Im Schaltplan habe ich auch nochmal nachgeguckt... Dort habe ich zwischen 7 - 39 eine Brücke und zwischen 28 - 20 schalte ich eine Freigabe.. (vermutlich Reglerfreigabe)

Die Meldungen Betrieb/Störung hole ich mir über die Digital Ausgänge des FU's
Geht aber auch über das Statuswort.. nur soweit war ich da noch nicht!


Ich hoffe dich bringt das weiter!!

Gruß


Anhang anzeigen GSD_GSE_11_2009.zip
Anhang anzeigen Lenze8200.zip
Anhang anzeigen 9A3.zip


----------



## Toki0604 (8 August 2013)

Hi c.wehn,

habe dein Projekt versucht, aber festgestellt das das nicht ganz zu meinen Anforderungen passte.
Habe allerdings auch nirgends erwähnt das ich keine Verdrahtung zum FU möchte (auch nicht Klemme 28 ) 
Das geht laut Doku nur mit dem Drivecom Profil, nicht mit dem FIF-Profil der Gerätesteuerung in deinem Projekt.
Aber ich habe eine Lösung gefunden.
Ich habe das Beispielprojekt von Lenze mit dem Drivecom Profil in Betrieb setzen können und habe es mal
auf das nötige Minimum reduziert...
Das heißt ohne das Verändern einzelner Codestellen durch die SPS, halt nur das reine Ein/Ausschalten und Sollwertvorgabe.
Ich habe in den Netzwerken die Kommentare ebenfalls entsprechend angepasst.
Da ich denke das andere User auch mal den Versuch starten könnten, habe ich das mal als Projekt gezippt.
Wenn ich mit meinem Projekt fertig bin, dann werde ich das Resultat hier auch mal als Dokumentation zum Thema reinstellen.

Gruß, Toki


----------



## c.wehn (8 August 2013)

Super! Hoffentlich hat mein Projekt wenigstens irgendwas gebracht!
Gruß


----------



## Toki0604 (9 August 2013)

> Super! Hoffentlich hat mein Projekt wenigstens irgendwas gebracht!

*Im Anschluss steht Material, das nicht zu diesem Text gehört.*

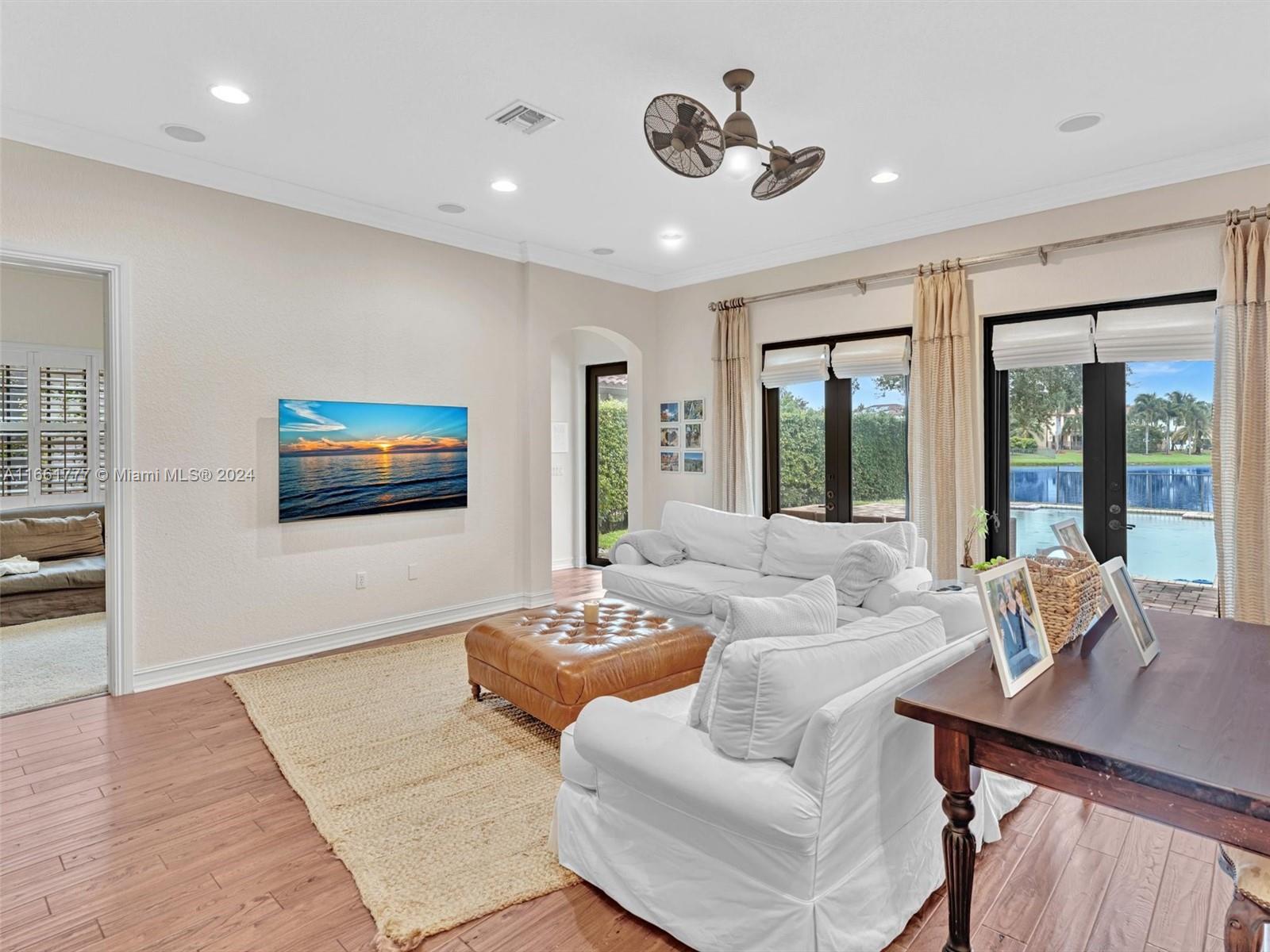 RARELY AVAILABLE CORDOVA MODEL WITH POOL AND WIDE LAKE VIEWS. FEATURES INCLUDE 5 BEDROOMS, 4.5 BATHROOMS * LOFT * 1 BEDROOM AND FULL BATH DOWNSTAIRS * ADDITIONAL BEDROOM / OFFICE / PLAYROOM DOWNSTAIRS * WOOD FLOORING 1ST FLOOR, STAIRS AND LOFT AREA * ALL IMPACT GLASS WINDOWS & DOORS * LARGE OPEN KITCHEN W/REAL WOOD CABINETS, STAINLESS APPLIANCES AND HUGE CENTER ISLAND * LARGE BACKYARD W/CUSTOM POOL & BUILT-IN JACUZZI * LOCATED ON THE QUIETEST STREET IN THE NEIGHBORHOOD. LOW HOA FEE INCLUDES XFINITY CABLE AND INTERNET, ADT ALARM SYSTEM, 24-HOUR SECURITY GUARD, PLAYGROUND AND MORE. A+ COOPER CITY SCHOOL DISTRICT. LOCATED ACROSS THE STREET FROM THE POSNACK SCHOOL AND JCC * MINUTES TO ALL MAJOR HIGHWAYS AND BEACH. HURRY!!

Danke, ja hat es. Auf jeden Fall in Bezug auf mein Verständnis zur Materie.
Ich habe mittlerweile (obwohl es ja soweit schon läuft) parallel Kontakt zum Lenze Service aufgenommen gehabt.
Den Angaben zu Folge müsste es möglich sein auch deinen Baustein für meine Anwendung anzupassen.
Ich werde das auch noch austesten...
Dein Baustein hat nämlich den Vorteil das er noch bedeutend einfacher und übersichtlicher ist als das angepasste Lenze Beispielprojekt.

Es ist zwar ein wenig frustrierend das der Profibus seine Bedeutung in der Antriebstechnik verloren hat,
aber dennoch will ich die Thematik verstehen bevor ich mich mit dem nächsten Thema befasse.
Ich bin in der Instandhaltung und muss mich halt vorrangig mit dem vorhandenen Maschinenpark befassen...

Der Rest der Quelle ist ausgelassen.